Complicated nonlinear behavior is encountered in many physical dynamical systems in engineering. Such behavior is difficult to be described by means of mathematical models or to regulate during operation. Examples of such systems are present in high-tech and automotive applications to high-precision lithography machines, but also production-critical chemical operations in the process industry or in energy applications such as solar cells.
For a long time, it was considered adequate to operate these systems around steady-state conditions or specific regimes using digital controllers, designed via Linear Time-Invariant (LTI) control synthesis. Growing challenges in terms of system complexity, performance requirements, importance of operational constraints and energy efficiency have begun to push the limitations of the LTI framework, e.g. in the high-tech mechatronic field.
Advanced nonlinear modelling tools have been developed over the last years, including the block-oriented nonlinear framework. To address the demand for high-performance systems, advanced model-based nonlinear control tools need to be developed. However, these nonlinear models lack the intuitive and simple interpretation that are the trademark of LTI models. Therefore, these models do not allow for an intuitive and systematic control design framework.
The Linear-Parameter-Varying (LPV) framework has been developed as an extension of the LTI framework, preserving most of its intuitive features, with the possibility to use a systematic control design flow. LPV systems are dynamical models capable of describing a NL behavior in terms of a linear structure which is dependent on a measurable, so called scheduling-variable p in the system. The LPV framework is viewed as a high priority technological innovation by many high-tech industrial players.

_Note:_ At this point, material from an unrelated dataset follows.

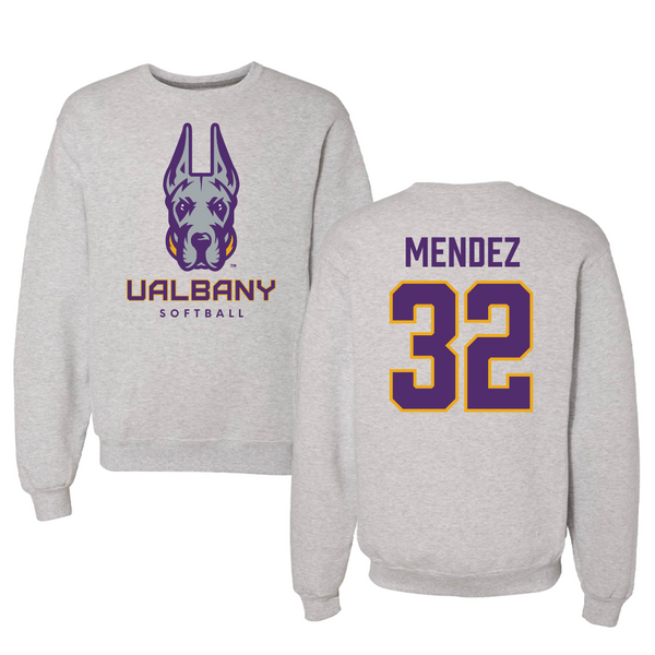 University at Albany Softball Gray Crewneck - #32 Natasha Mendez

Since the LPV framework is rather conceived as the extension of the LTI framework, a significant gap continues to exist between nonlinear systems and the LPV framework. Bridging this gap allows the community to obtain a unified framework from nonlinear modelling and identification to robust and systematic control design for nonlinear systems using the LPV framework.
How to bridge the gap between the LPV and nonlinear frameworks, and how to exploit the already available tools of nonlinear system identification for the estimation of LPV models for robust LPV control design is the topic of this research project by approaching the LPV framework starting from a nonlinear system point of view. Such a viewpoint allows one to include strongly nonlinear systems in the considered LPV system class, and to develop LPV-based control strategies for nonlinear systems.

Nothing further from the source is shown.